Start of GIVEN RECORDS
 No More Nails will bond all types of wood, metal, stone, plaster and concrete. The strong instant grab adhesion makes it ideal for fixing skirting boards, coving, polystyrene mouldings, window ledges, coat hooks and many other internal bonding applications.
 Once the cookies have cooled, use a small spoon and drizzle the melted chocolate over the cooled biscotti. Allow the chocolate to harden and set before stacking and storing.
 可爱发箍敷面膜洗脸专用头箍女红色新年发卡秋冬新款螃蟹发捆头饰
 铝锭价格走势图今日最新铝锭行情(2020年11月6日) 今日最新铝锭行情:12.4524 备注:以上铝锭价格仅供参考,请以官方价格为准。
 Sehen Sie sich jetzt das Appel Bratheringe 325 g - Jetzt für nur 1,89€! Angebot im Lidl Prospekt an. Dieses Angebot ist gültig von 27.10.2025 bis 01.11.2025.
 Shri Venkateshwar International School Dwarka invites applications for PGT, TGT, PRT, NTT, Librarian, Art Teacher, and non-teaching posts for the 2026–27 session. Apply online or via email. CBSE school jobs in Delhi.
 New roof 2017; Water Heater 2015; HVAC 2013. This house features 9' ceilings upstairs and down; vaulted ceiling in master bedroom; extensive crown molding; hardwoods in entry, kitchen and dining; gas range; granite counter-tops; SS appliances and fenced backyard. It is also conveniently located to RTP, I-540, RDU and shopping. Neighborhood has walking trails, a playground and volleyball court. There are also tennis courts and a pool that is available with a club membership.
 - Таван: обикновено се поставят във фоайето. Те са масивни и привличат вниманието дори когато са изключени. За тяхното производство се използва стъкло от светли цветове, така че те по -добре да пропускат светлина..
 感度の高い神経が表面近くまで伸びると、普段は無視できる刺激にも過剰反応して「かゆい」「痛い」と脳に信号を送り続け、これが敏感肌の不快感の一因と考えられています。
End of GIVEN RECORDS
PROBLEM:
What you return should consist solely of the lines from the one containing "- Таван: обикновено" through the end of the entries above, reproduced exactly.

EXPECTED OUTPUT:
 - Таван: обикновено се поставят във фоайето. Те са масивни и привличат вниманието дори когато са изключени. За тяхното производство се използва стъкло от светли цветове, така че те по -добре да пропускат светлина..
 感度の高い神経が表面近くまで伸びると、普段は無視できる刺激にも過剰反応して「かゆい」「痛い」と脳に信号を送り続け、これが敏感肌の不快感の一因と考えられています。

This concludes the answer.